Purveyor of fine nonsense
Does glass for garage windows have to be toughened? The windows I'm replacing are in excess of 800mm from the floor and more than 300mm from the door.

I'm guessing I don't need toughened glass as per the regs, but is there a different rule for garages?
 

threebikesmcginty

Corn Fed Hick...
Location
...on the slake
This probably answers all your glazing queries :angry:

http://www.windowstoday.co.uk/glass_safe.htm
 

twentysix by twentyfive

Clinging on tightly
Location
Over the Hill
My garage windows are ordinary glass. But the garage was built in the 50's so different rules may have applied then. Personally - unless you are doing this professionally or on a new build where it'll be inspected - I'd just do what's easiest/cheapest.

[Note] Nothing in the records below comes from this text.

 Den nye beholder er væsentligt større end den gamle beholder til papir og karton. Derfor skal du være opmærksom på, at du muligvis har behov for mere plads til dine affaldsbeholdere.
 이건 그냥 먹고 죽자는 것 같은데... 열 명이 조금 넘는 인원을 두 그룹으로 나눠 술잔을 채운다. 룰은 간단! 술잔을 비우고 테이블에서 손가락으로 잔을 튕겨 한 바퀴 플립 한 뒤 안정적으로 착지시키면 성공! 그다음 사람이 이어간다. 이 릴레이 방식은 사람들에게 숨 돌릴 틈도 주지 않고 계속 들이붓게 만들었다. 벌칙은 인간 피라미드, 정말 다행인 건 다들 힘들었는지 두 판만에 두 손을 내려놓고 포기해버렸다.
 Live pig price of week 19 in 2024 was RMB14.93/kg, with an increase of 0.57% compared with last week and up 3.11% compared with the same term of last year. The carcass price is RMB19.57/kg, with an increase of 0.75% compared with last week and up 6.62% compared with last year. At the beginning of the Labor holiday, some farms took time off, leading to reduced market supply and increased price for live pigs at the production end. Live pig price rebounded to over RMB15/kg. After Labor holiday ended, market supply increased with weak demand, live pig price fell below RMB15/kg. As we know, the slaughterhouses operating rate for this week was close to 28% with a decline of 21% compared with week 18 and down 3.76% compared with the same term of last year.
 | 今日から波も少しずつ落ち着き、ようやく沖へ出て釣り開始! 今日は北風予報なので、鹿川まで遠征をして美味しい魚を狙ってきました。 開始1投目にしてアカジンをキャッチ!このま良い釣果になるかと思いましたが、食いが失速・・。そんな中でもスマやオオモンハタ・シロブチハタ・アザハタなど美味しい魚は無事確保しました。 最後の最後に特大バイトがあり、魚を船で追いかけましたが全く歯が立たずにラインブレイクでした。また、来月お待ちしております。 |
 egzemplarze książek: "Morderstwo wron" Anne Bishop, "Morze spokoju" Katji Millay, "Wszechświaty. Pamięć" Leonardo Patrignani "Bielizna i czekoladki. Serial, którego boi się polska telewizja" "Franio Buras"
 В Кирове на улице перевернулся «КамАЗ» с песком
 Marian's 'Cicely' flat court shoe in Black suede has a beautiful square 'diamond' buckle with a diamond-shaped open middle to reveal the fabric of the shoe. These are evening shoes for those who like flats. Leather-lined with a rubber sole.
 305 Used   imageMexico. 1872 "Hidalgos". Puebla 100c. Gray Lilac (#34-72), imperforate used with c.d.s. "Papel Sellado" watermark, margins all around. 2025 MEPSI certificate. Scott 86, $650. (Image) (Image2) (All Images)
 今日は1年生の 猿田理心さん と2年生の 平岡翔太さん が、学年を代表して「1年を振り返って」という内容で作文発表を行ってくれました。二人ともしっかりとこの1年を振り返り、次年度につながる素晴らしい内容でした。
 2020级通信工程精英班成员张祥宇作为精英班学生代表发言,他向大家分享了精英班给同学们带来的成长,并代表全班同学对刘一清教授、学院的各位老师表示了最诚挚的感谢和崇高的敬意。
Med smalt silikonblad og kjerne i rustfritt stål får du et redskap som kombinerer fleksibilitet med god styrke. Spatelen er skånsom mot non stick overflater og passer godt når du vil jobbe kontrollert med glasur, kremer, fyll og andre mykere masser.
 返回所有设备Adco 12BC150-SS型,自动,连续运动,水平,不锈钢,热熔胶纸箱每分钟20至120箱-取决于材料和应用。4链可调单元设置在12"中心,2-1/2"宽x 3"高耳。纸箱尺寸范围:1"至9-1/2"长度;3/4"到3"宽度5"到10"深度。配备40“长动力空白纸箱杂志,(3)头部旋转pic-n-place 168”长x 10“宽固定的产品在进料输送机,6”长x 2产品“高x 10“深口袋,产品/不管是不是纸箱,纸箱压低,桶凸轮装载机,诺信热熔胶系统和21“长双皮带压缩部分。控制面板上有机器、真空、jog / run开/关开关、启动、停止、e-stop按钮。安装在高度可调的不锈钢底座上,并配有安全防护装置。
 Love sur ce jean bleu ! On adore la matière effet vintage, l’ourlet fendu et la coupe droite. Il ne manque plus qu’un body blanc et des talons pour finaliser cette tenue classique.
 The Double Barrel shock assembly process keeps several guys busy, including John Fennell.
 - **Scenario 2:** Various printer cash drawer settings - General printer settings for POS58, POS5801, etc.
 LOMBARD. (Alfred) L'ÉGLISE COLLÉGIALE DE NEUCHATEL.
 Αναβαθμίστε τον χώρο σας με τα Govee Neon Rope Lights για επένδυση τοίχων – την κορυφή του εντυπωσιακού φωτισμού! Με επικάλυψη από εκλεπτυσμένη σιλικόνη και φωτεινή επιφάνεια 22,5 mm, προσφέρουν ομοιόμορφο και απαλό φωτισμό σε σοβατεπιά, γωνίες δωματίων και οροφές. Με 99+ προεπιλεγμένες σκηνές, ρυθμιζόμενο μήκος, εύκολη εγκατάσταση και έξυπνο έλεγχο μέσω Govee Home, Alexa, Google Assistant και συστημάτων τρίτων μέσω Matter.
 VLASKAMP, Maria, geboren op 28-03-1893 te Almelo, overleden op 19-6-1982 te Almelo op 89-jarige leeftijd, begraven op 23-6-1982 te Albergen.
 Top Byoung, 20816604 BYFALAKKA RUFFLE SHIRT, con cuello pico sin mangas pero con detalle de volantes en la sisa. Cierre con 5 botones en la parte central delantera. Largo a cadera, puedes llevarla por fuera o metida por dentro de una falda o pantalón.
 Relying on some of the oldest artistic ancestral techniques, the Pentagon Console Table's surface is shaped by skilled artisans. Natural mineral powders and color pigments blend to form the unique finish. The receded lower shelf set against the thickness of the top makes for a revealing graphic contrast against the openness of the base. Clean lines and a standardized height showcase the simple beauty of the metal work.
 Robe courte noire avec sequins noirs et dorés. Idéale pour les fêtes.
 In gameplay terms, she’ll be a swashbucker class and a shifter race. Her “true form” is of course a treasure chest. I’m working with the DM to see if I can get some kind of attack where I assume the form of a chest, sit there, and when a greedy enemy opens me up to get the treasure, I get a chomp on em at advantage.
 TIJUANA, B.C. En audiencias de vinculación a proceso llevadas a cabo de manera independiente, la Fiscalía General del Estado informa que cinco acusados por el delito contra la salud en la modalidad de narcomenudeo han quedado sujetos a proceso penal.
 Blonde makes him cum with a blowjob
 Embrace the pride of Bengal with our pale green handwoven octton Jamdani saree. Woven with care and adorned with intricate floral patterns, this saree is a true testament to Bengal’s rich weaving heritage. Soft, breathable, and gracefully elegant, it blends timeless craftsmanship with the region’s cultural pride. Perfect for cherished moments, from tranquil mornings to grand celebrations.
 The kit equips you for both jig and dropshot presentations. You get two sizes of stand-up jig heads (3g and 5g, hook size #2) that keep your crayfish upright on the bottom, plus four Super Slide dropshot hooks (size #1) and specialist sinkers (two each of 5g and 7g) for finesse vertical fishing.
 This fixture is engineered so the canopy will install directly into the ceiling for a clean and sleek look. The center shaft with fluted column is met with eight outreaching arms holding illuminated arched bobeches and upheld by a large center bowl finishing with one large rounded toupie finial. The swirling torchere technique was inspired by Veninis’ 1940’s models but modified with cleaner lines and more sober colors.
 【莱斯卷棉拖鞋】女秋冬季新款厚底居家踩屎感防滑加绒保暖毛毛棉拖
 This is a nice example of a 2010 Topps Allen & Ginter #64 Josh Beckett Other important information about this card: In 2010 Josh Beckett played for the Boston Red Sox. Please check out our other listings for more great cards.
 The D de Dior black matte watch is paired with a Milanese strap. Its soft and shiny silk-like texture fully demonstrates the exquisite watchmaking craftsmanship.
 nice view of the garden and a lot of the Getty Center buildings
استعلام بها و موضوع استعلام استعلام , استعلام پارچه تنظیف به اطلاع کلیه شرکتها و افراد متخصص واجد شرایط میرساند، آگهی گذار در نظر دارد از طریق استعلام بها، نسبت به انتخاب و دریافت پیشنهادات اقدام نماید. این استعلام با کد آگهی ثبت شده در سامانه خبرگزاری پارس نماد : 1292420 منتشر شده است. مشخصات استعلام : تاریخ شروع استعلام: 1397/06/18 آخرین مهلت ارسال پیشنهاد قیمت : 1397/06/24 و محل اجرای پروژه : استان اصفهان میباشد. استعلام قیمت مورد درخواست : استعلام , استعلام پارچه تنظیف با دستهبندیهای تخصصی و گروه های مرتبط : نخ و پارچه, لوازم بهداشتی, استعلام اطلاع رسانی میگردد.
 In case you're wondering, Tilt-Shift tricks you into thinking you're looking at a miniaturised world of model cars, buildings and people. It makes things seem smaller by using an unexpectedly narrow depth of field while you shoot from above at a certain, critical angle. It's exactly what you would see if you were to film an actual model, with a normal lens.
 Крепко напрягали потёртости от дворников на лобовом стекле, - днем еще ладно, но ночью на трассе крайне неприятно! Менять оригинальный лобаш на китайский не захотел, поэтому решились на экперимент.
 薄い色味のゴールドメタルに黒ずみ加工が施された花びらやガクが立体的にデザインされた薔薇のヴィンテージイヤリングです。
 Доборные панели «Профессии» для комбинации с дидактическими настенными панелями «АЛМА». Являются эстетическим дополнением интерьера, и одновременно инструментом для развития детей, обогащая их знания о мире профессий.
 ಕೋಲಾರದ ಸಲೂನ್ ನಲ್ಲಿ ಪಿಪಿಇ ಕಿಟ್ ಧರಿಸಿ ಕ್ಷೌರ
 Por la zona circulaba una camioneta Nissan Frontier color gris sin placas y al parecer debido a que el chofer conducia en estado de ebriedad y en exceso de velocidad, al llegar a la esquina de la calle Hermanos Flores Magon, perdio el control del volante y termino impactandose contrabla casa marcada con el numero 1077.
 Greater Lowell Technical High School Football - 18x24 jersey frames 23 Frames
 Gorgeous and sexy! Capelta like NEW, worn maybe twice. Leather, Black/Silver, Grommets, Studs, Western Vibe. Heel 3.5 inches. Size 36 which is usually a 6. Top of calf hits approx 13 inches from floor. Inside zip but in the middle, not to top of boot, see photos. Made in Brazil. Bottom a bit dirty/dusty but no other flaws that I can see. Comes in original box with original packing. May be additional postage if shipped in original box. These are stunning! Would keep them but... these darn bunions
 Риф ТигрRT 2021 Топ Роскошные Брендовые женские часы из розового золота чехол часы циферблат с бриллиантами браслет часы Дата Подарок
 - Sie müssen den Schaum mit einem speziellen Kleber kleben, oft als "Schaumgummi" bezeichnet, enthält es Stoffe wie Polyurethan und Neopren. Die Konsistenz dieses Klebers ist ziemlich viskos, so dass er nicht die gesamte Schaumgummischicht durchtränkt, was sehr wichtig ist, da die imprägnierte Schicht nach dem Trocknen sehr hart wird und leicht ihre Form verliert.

Who's to know???
 

longers

Legendary Member
If it's for your garage would toughened glass be more secure? I dunno, hence the question.
 

battered

Guru
No requirement but if it were my garage I'd fit wired glass as fitted to fire doors. It's obscured so people can't peer in and see what's inside, and it's bloody hard work to break through. The fire brigade love and hate it in equal measure - it's fireproof, but if they need to go through it then it takes sustained hacking with a fire axe before it gives up. Burglars don't often carry fire axes.
 

dellzeqq

pre-talced and mighty
Location
SW2
rsvdaz has it right, but I'd agree with battered. What you should know is that 50% of all plastic surgery time in this country is down to glass injuries. Turn round, put arm through glass, lots of blood, big scars. If it opens in such a way that you can walk in to it, then it's an absolute nobrainer. Fit toughened or laminated or georgian wired.

£300 sounds like an absolute fortune. I've just fitted a sheet of glass to a window which was iirc 800 wide and about 590 high. Annealed was about sixteen quid and toughened was a tad over twenty.